Yalnız güzel yemek yapıyorum, kimse kusura bakmasın. Mutfağa pek girmem ama girdiğimde yaptığım şey de lezzetli olur yani, övünmek gibi olmasın :) İstediğiniz bir tarif varsa verebilirim de hani.. Gördüğünüz gibi 10 parmağımda 10 marifet. Hem yemek yapıyorum, hem dikiş dikiyorum, hem çocuk, hem de kariyer yapıyorum :) Sanırım kendimi yeterince övdüm, eğer benden hala nefret etmiyorsanız devam edebilirim..

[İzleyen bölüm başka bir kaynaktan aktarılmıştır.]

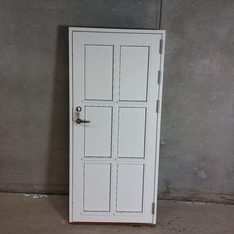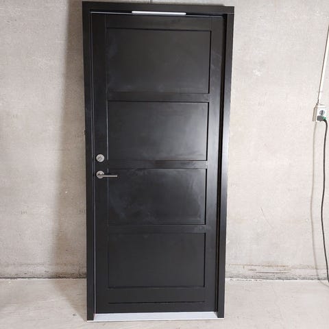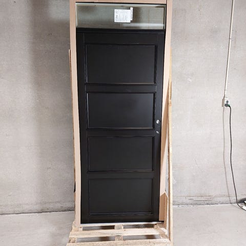 Facadedør med overparti i træ med 3-lags energirude, fire fyldninger, lavt glasfiberbundstykke og 3-punktslås. Der er monteret vrider inde og låsecylinder ude, nøgler og greb medfølger løst. Har nogle limrester på udvendig side, se billede. Outlet pr

İşte böyle.. Eğer çalışma hayatına alışıksanız evde olmak gerçekten zor. Şahsen bence "ev hanımlığı ve annelik" normal işimden daha zor. Keyifli noktaları var ama çoğunlukla kendinden çok fazla vermek demek. Hani meşhur laf var ya "yemedim yedirdim, giymedim giydirdim, saçımı süpürge ettim" diye.. Heh, işte aynen böyle olduğu için çok yıpratıcı. İçten içe insanın kafasını kurcalayan bir durum, neden bu kadar fedakarlık yapmak zorundayım ki diye. Ama kadın olmak sanırım tam da bu demek. Hele de çalışan anne olmak.. Çünkü siz kadın olarak hem işinizde,hem de evinizde çalışıyorken; hem evin, hem çocuğunuzun, hem de işinizin sorumluluğu üzerinizdeyken aslında eşiniz, erkek olarak sadece konuya bir yerlerinden dahil olabiliyor.

Elbette eşine, evde ve bebekle ilgili her şeyde çok yardımcı olan beylerimiz de var ama maalesef azınlıktalar :) Bu yazıyı okuyan bekar hatunlarımız için dileğimiz o azınlıktaki beylere denk gelmeleridir efendim.
Bitirirken, kahramanımız Arda' nın yaklaşık 4 aylıkken oyun halısını ve oyuncakları keşfetme anıyla sizeleri baş başa bırakıyorum. Sevgiler.